- YOUR OBJECTIVE
The first line of the listing opens the range and the line with "The game also" closes it; repeat those lines and all between them word for word, leaving out the pictures.

- EXERCISE MATERIAL
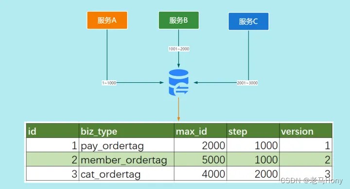 从上图可以看出,由于使用的是数据库的集群架构,客户端一般都是通过代理来访问 DB,这时候代理就需要有负载均衡的能力:需要依次轮询访问每一个 DB 节点,通过步长生成下一个分布式 ID 返回。
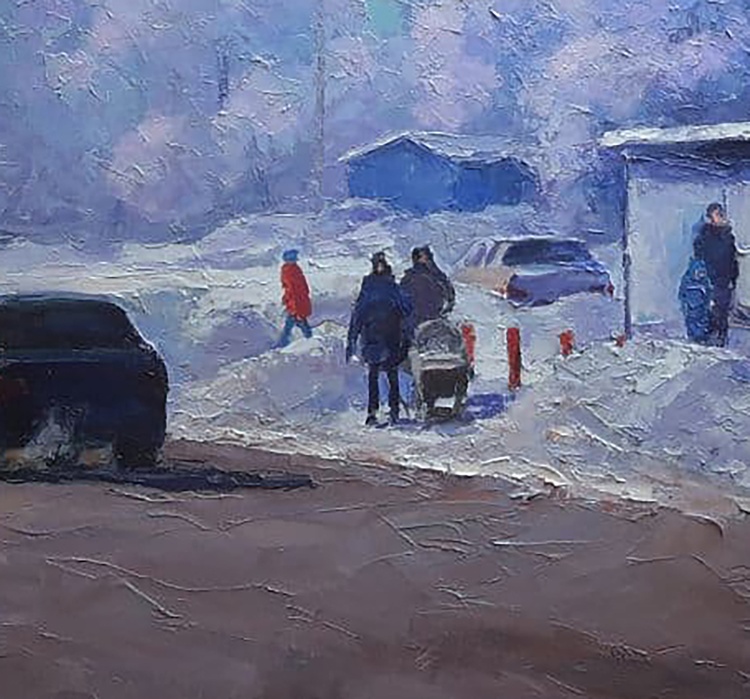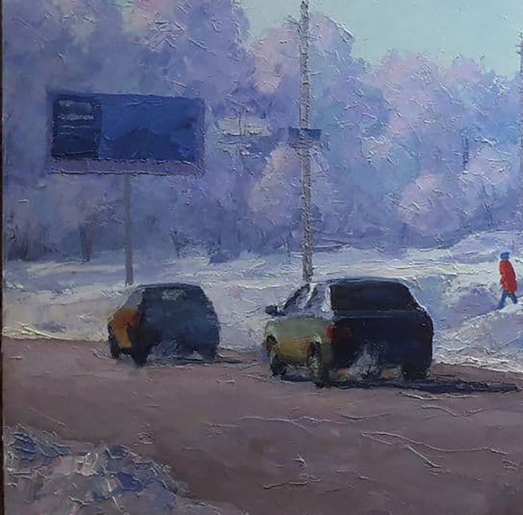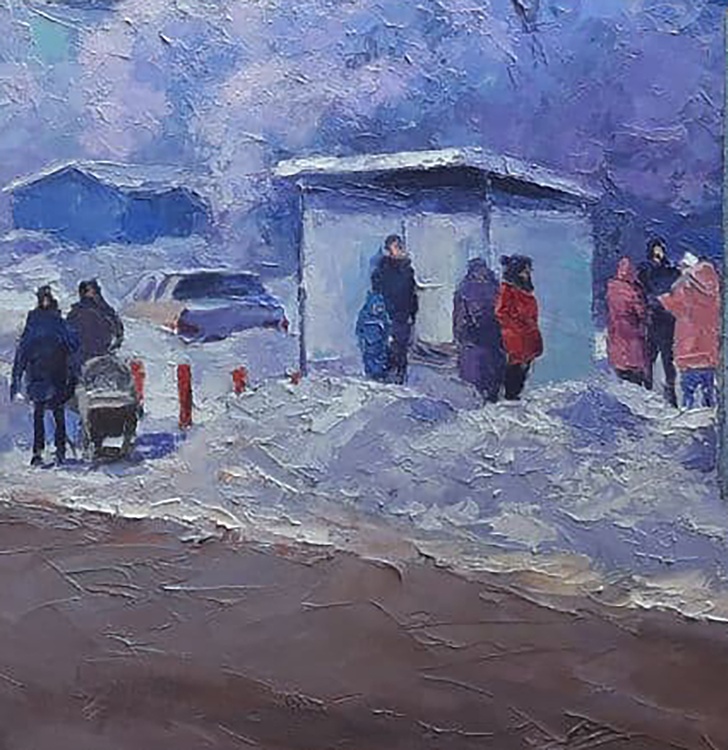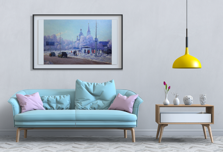 "Kremenchug. Cossack stop" is an oil painting by Ukrainian artist. The painting depicts a winter scene in the city of Kremenchug, with a lot of snow on the ground and a bus stop in the foreground. The white trees and the Orthodox church behind the trees are also visible in the painting. The painting has a very calming and serene atmosphere, which makes it perfect for hanging in any room in your home. The muted colors and simple composition are also very pleasing to the eye. This is a great choice for anyone who wants to add a touch of beauty and elegance to their home décor. 706
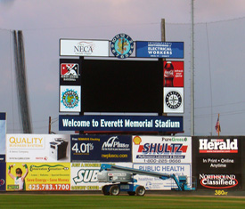 The game also marked the debut of Everett’s newest toy from the State of Washington – what they are deeming AquaVision. The Frogs used the state allocated funds to erect the largest video board in the Northwest League and the largest video board of the five minor league teams in the state (Tacoma, Spokane, Tri-City, Yakima, Everett). Broadcaster Pat Dillon told me that they will have rudimentary video and graphics to start – as some of the good games (shell game, boat race, etc.) cost upwards of 5-to-10 grand to purchase).
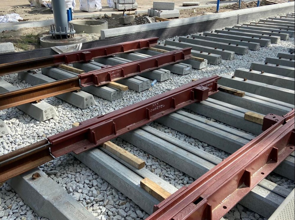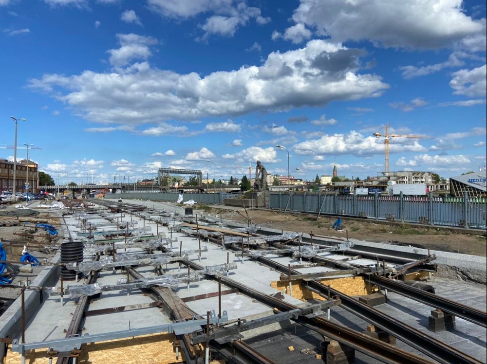 Postęp prac bardzo dobrze widać na najnowszych zdjęciach. Przy dworcu kolejowym montowany jest aktualnie docelowy układ torowiska, ciągle zawierający trzeci tor.
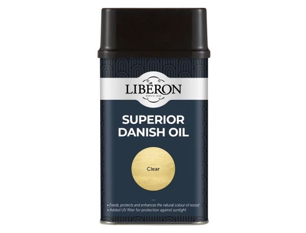 Liberon Superior Danish Oil is a blend of pure tung oil and natural oils which protect hard and soft woods. It is a penetrating oil, which brings out the natural grain of the timber and provides a satin to gloss sheen. With added UV filters to help prevent discolouration from the sun it is suitable for interior and exterior use.
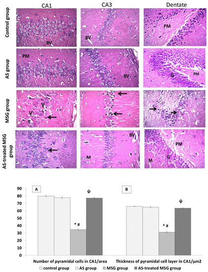 Light microscopic examination of hematoxylin and eosin (H&E)-stained sections in all groups. Control and Allium sativum (AS) groups showed normal histological structure of hippocampus. Monosodium glutamate (MSG) group showed decrease in the number of the cells in Cornu Ammonis° (CA1 and CA3) areas with shrinkage and disarrangement of pyramidal cells. Apoptotic and pyknotic nuclei of pyramidal cells surrounded with pericellular haloes. Dilated blood vessels and massive vacuolation of the cytoplasm (V) can be also seen. Dentate gyrus of the same group showed many apoptotic cells (arrows), darkly stained nuclei, vacuolated cytoplasm (V), and disorganized blood vessels (BV). Allium sativum-treated MSG (AS-treated MSG) group was more or less like the control group, with multiple dilated blood vessels. (Hx. &E. X400). Histograms (A) and (B) indicate significant decrease in pyramidal cell count and layer thickness in the CA1 region in the MSG group compared to the control and AS groups. In addition, the AS-treated MSG group showed a significant increase in these parameters compared to the MSG group. * p < 0.05, vs. control; ψ p < 0.05, vs. MSG.
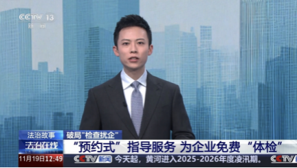 11月19日中午,CCTV13《法治在線》播出浙江省寧波市縱深推進“大綜合一體化”行政執(zhí)法改革工作,優(yōu)化營商環(huán)境,規(guī)范涉企行政檢查,加強行政檢查計劃統(tǒng)籌情況,報道了寧波市鎮(zhèn)海區(qū)九龍湖鎮(zhèn)“預約式”指導服務為企業(yè)免費“體檢”的典型做法。
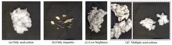Cotton is a vital agricultural and strategic commodity worldwide [1]. In 2023, Xinjiang’s cotton sown area reached 2.37 million hectares, with a production output of 5.11 million tons, representing 91% of China’s total cotton production. Mechanized cotton harvesting has become the mainstream trend, with the machine harvesting rate in the Xinjiang region surpassing 85%. However, machine-picked seed cotton contains significant impurities, with an uneven size and mass distribution. The impurity rate of machine-picked seed cotton is a crucial indicator for evaluating the quality of cotton harvesting and grading. Quantitative detection of the impurity rate in machine-picked seed cotton can reflect the harvesting performance of the cotton picker and guide subsequent operations, such as cotton purchasing, processing, and grading [2,3].
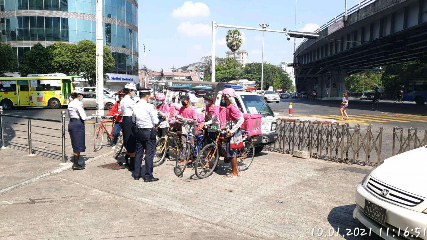 “စက်ဘီးစီး ပြည်သူတွေအနေနဲ့ ချမှတ်ထားတဲ့ ယာဉ်စည်းကမ်း၊ လမ်းစည်းကမ်းနဲ့အညီ စီးနင်းဖို့နဲ့ အနှေးယာဉ် မဝင်ရ လမ်းတွေမှာ  စီးတာတွေ၊ လမ်းပြောင်းပြန် စီးတာတွေ၊ မီးနီဖြတ် စီးတာတွေ၊ ယာဉ်စည်းကမ်း လမ်းစည်းကမ်း ချိုးဖောက် တာတွေကို ဥပဒေနဲ့အညီ အရေးယူ ဆောင်ရွက်သွားမှာ ဖြစ်ပါတယ်” ဟု အမှတ် (၃၉) ယာဉ်ထိန်းရဲတပ်ဖွဲ့စု တပ်ဖွဲ့စုမှူး ဒုတိယ ရဲမှူး ရဲထွန်းအောင်က ပြောကြားသည်။
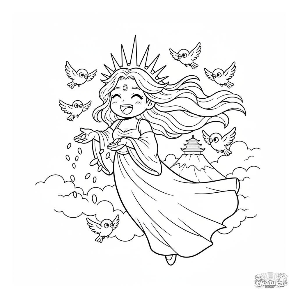 Página para colorir para crianças: uma deusa do sol voa pelo céu com companheiros pardais acima de um templo da montanha. Cena brilhante e alegre de mitos.
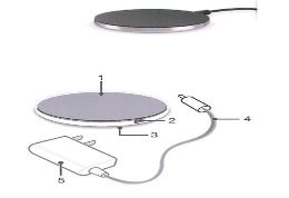 | Un dispositivo (cosiddetta «piastra di ricarica senza fili») composto da un adattatore con un cavo della lunghezza di circa 180 cm e da una piastra di ricarica. Il cavo dispone di un connettore per il collegamento alla piastra di ricarica. La piastra è di forma circolare con un'altezza di circa 8 mm, un diametro di circa 80 mm e un peso di 51 g. L'adattatore converte (rettifica) la corrente alternata (AC — 240V) in corrente continua (DC — 12V) e la trasferisce alla piastra. Nella piastra la DC è convertita (invertita) in AC che è a sua volta convertita in un campo elettromagnetico. Il dispositivo è destinato a ricaricare apparecchiature mediante connessione senza fili. Tanto la piastra quanto l'apparecchiatura ricaricata sono dotate di tecnologia «Qi», lo standard per la ricarica senza fili di apparecchiature. La ricarica senza fili è effettuata mediante un campo elettromagnetico. Cfr. l'immagine (*1) |
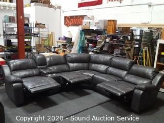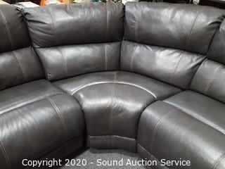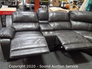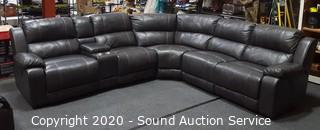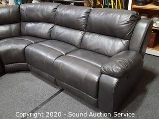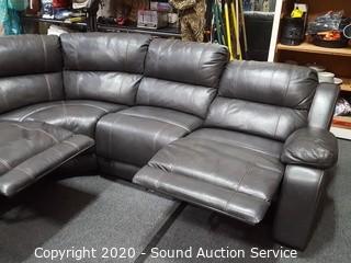 Lot #0001: Dunhill Grey Leather Power Recline Sectional
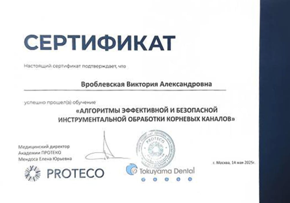 - «Алгоритмы эффективной и безопасной инструментальной обработки корневых каналов», Proteco TOKUYAMA DENTAL
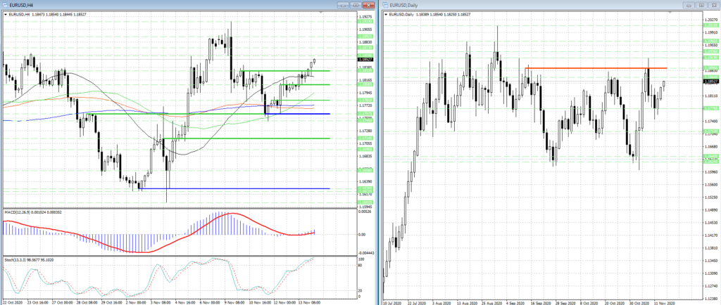 Поэтому, мы ожидаем, что рост котировок может продолжиться, а потенциальные цели быков расположены на 1.18925, 1.1919 и 1.19655.
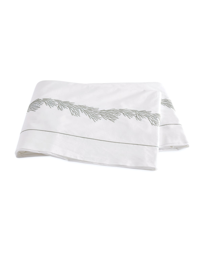 Flat sheet in 520 thread-count cotton percale features feathery embroidery, inspired by Pacific Ocean coral. Finished with a small satin stitch border. 112" x 112". Machine wash. Made in USA of imported material.
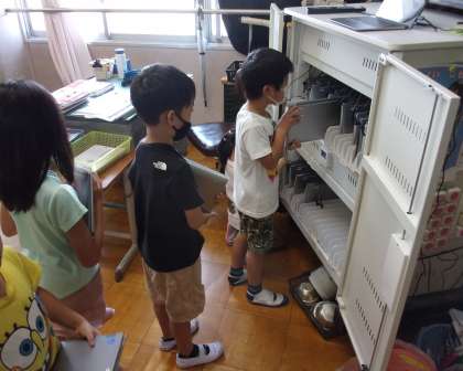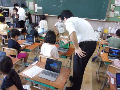 そして、初めてパソコンをさわり、電源をつけました。パソコンの蓋を開けるだけで、「おおー。」と子どもたちは嬉しそうです。充電がうまくできていなくてパソコンの電源が入らなかったり、何度IDやパスワードを入れても正しく入力できなかったり、トラブルもありました。しかし、中岡先生に自分から進んで聞いたり、友だち同士で助け合ったりしてみんなできるようになりました。これからも少しずつパソコンでできることが増えたらうれしいです。
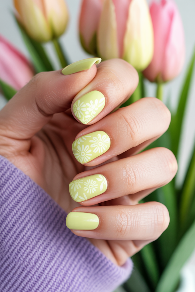This look features a soft pastel yellow base that is calm and elegant. Floral stamping adds delicate designs, giving the nails a fresh, springtime feel.
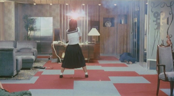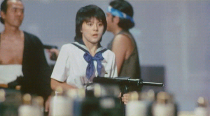 영화 제목 <세라복과 기관총>을 보면 마치 주인공인 여고생이 마치 레지던트 이블의 앨리스처럼 굉장한 여전사로 느껴진다. 그러나 전혀 그렇지 않다. 그저 밝고 명랑하며, 여고생 치고는 약간 배짱이 좋은 평범한 학생이다. 그런 이즈미가 어설프지만 순진하고 충성심 깊은 부하들과 자신의 진심을 힘으로 강대한 야쿠자 조직과 싸워나간다. 기관총을 들고 상대 조직 본부에 뛰어들지만 총을 든 모습이 어설프기 짝이 없다. 기관총의 반동으로 총알은 제멋대로 날아간다.
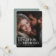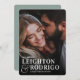 Anuncie sua data de casamento com esses cartões salve a data ousados e modernos baseados em tipografia. Design apresenta um solteiro de sangramento de cheio vertical ou uma foto orientada a retrato, com seus nomes sobrepostos em letras brancas e unidos por um e-mail sobredimensionado. Personalize com a data e o local do casamento e adicione detalhes adicionais às costas, se desejado.
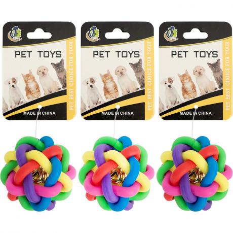 Гумовий м’яч-клубочок з дзвіночком для собак, діаметр 6 см — яскрава та цікава іграшка для жування й активних ігор. Усередині м’яча розміщено дзвіночок, який видає звук під час руху, стимулюючи інтерес улюбленця. Іграшка виготовлена з міцної еластичної гуми, підходить для собак малих і середніх порід. Форма клубочка допомагає масажувати ясна та очищувати зуби. Ідеально підходить для гуртового продажу, зоомагазинів та інтернет-платформ.
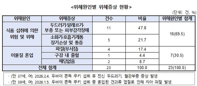 올해 1월부터 2월까지 소비자위해감시시스템(CISS)에 접수된 두바이 쫀득 쿠키 관련 위해정보는 총 23건이었다. 이 중 16건은 '식품 섭취에 의한 위험 및 위해', 7건은 '이물질 혼입'이 위해 발생 원인으로 나타났다.
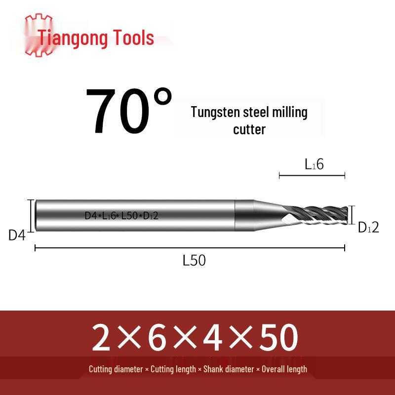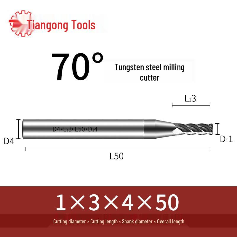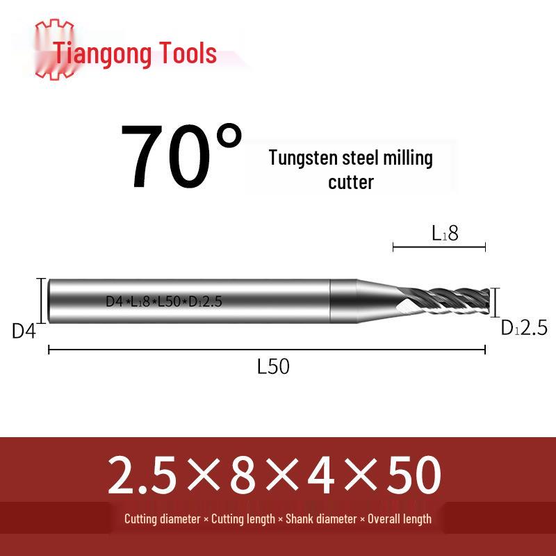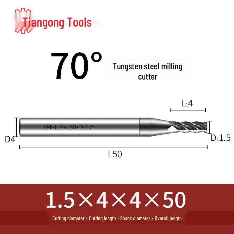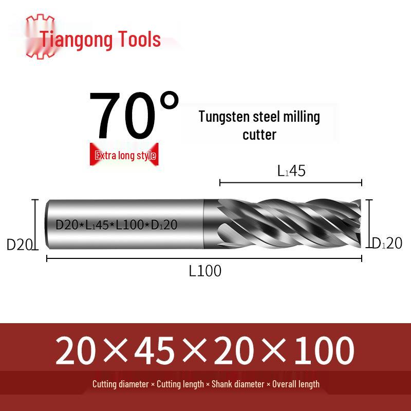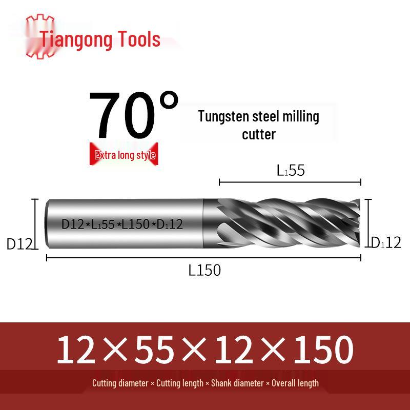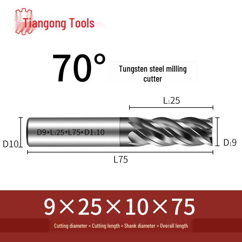 Tiangong 70° Твердосплавная концевая фреза с ЧПУ: Высокоточная, Виброустойчивая, Плоское дно, Четырехлезвийная фреза для нержавеющей стали.
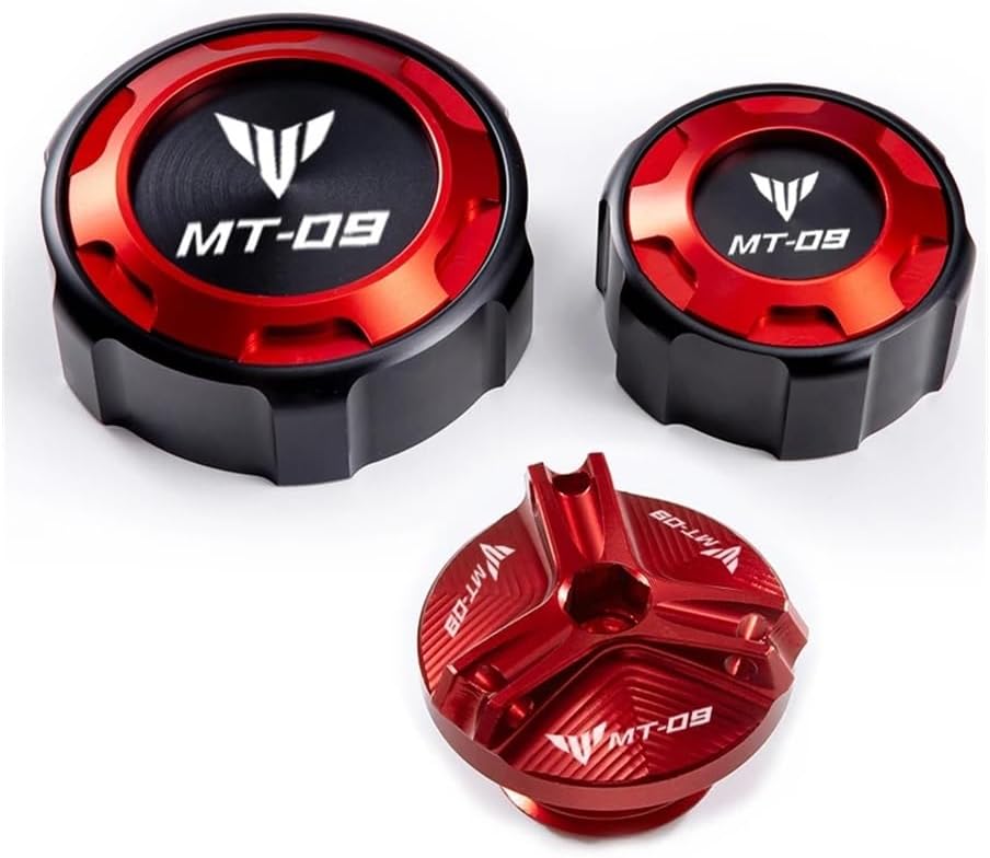 Hello. Welcome to our motorcycle accessories store.For Yam&aha MT 09 MT-09 mt09 sp 2021-2023 Motorcycle Accessories CNC Front and rear brake fluid cap protection and oil filler capFront + Rear Brake Fluid Master Cylinder Reservoir Cover + Oil Fill Port Cover (3-Piece Set)-Material: CNC anodized 6061 aluminum-Full CNC machining sliderCompatible Models:For Yam&aha MT 09 MT-09 mt09 sp 2021 2022 2023Check the matched model by yourselfPlease make sure it fits your motorcycle before buying!Notice:Before buying, please compare your motorcycle models, our products are consistent with previous models.

- RESPONSE TO THIS EXERCISE
 从上图可以看出,由于使用的是数据库的集群架构,客户端一般都是通过代理来访问 DB,这时候代理就需要有负载均衡的能力:需要依次轮询访问每一个 DB 节点,通过步长生成下一个分布式 ID 返回。
 "Kremenchug. Cossack stop" is an oil painting by Ukrainian artist. The painting depicts a winter scene in the city of Kremenchug, with a lot of snow on the ground and a bus stop in the foreground. The white trees and the Orthodox church behind the trees are also visible in the painting. The painting has a very calming and serene atmosphere, which makes it perfect for hanging in any room in your home. The muted colors and simple composition are also very pleasing to the eye. This is a great choice for anyone who wants to add a touch of beauty and elegance to their home décor. 706
 The game also marked the debut of Everett’s newest toy from the State of Washington – what they are deeming AquaVision. The Frogs used the state allocated funds to erect the largest video board in the Northwest League and the largest video board of the five minor league teams in the state (Tacoma, Spokane, Tri-City, Yakima, Everett). Broadcaster Pat Dillon told me that they will have rudimentary video and graphics to start – as some of the good games (shell game, boat race, etc.) cost upwards of 5-to-10 grand to purchase).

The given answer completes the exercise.